Gougeres with Prosciutto

Copyright 2008 Kevin D Weeks
Gougeres are bite-size savory puff pastries generally made with cheese. Don't let the pastry frighten you, it looks tricky but turns out to be even easier than pie. Best of all, these can be frozen and reheated. The prosciutto is my own addition - and I really like it (think of ham and biscuits with a French accent). (Larger image.) Makes 24.

Prep Time: 30 minutes

Cook Time: 30 minutes

Ingredients:

  • 6 slices prosciutto
  • 1 cup water
  • 7 Tbsp. unsalted butter
  • 2 tsp. Kosher salt
  • Pinch of sugar
  • Freshly ground white pepper to taste
  • 1 1/4 cup all-purpose flour
  • 4 - 5 large eggs
  • 5 oz. Gruyère; grated

Preparation:

1. Heat the oven to 450F. Line a pair of baking sheets with parchment paper.

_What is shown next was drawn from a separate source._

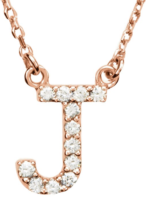 14K Rose 0.10 CTW Natural Diamond Initial J 16 inch Necklace Ref 9869931

2. Slightly cook prosciutto in a skillet over medium heat – about 10 seconds per side. Then coarsely chop by hand, you should have about 1/3 cup lightly packed.

3. In a medium saucepan, combine the water, butter, salt, pepper, and sugar and bring to a boil. Add all the flour at once, reduce the heat to medium, and stir for 2 minutes, or until the mixture forms a ball and the excess moisture has evaporated (if the ball forms more quickly, continue to cook and stir for a full 2 minutes).

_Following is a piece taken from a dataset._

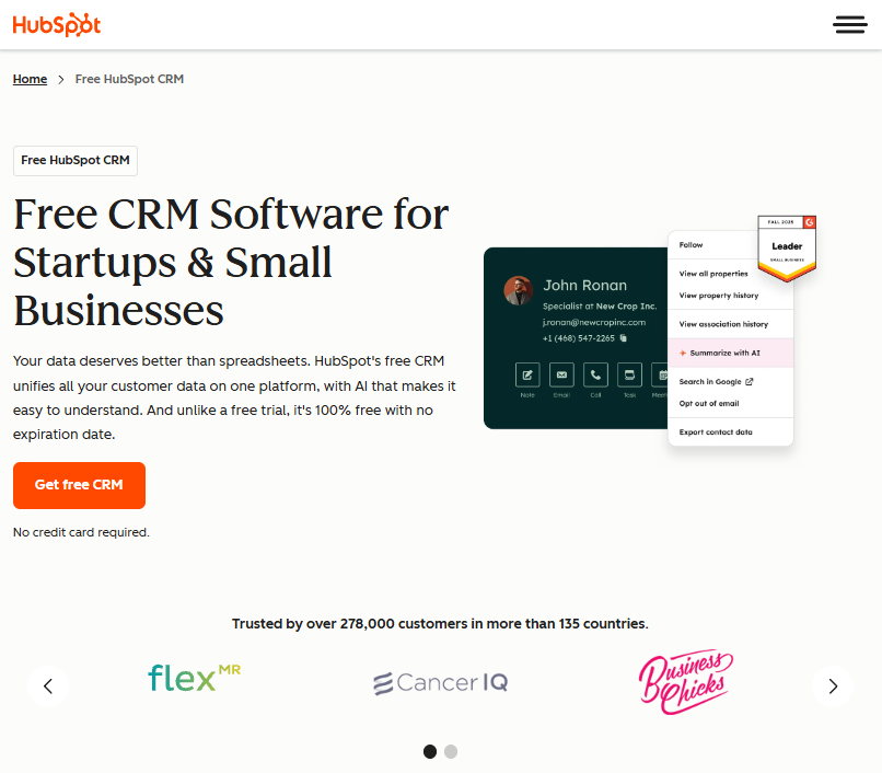 HubSpot CRM helps small teams manage outreach and sales pipelines efficiently. Its features keep leads, tasks, and communication in one structured view. If you’re ready to move beyond sales tracking into post-sales management, Assembly or ManyRequests can cover that next stage.

4. Transfer the mixture to the bowl of a mixer fitted with the paddle and beat for about 30 seconds at medium speed to cool slightly.

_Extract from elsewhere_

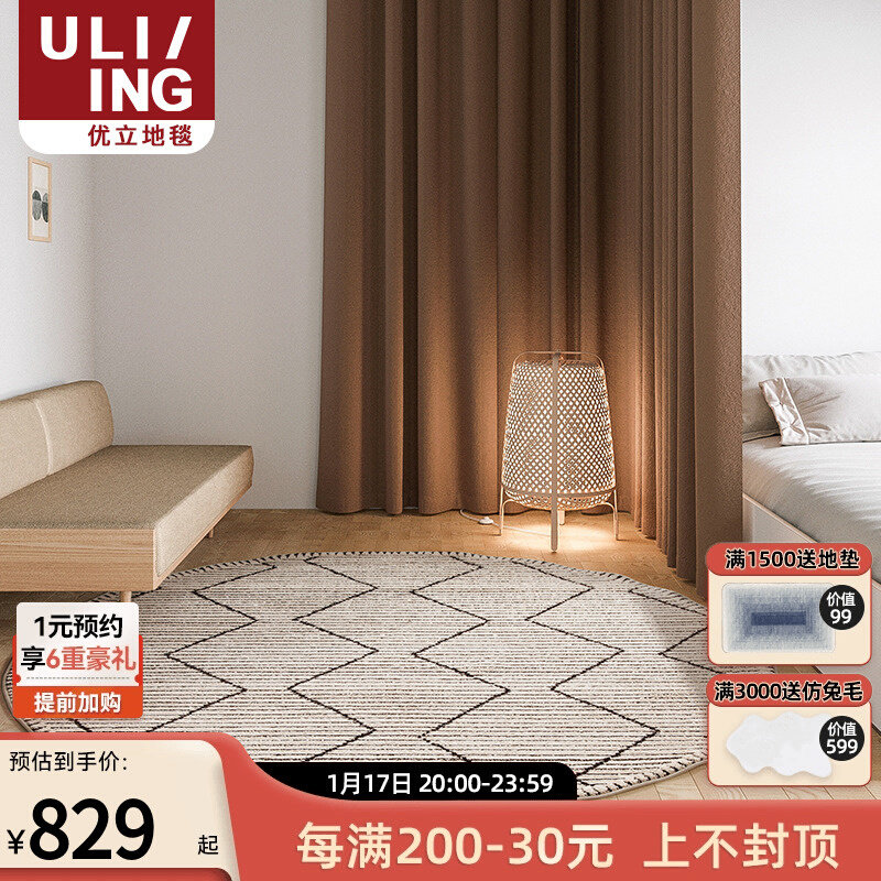 优立圆形地毯客厅沙发奶油风轻奢高级卧室地毯床边衣帽间地毯

5. Add 4 eggs and continue to mix until completely combined and the batter has a smooth, silky texture.

6. Stop the machine and lift up the beater to check the consistency of the batter. The batter in the mixing bowl should form a peak with a tip that falls over. If it is too stiff, beat in the white of the remaining egg. Check again and, if necessary, add the yolk.

7. Finally, mix in 3/4 cup of the Gruyère and chopped prosciutto.

8. Fill a one-gallon heavy plastic bag with the gougère batter and snip off a bottom corner. Pipe the batter into 1-tablespoon mounds on the baking sheets, leaving about 2 inches between the gougères.

9. Sprinkle the top of each gougère with about 1/2 teaspoon of the remaining grated cheese and bake for 7 to 8 minutes (my oven needs 10 minutes), or until they puff and hold their shape.

10. Reduce the heat to 350 degrees F. and bake for an additional 20 to 25 minutes. When the gougères are done, they should be a light golden brown color. (Note: Unless you have a convection oven, I recommend cooking these in two batches, if you have a convection oven you may be able to cook both sheets at once.)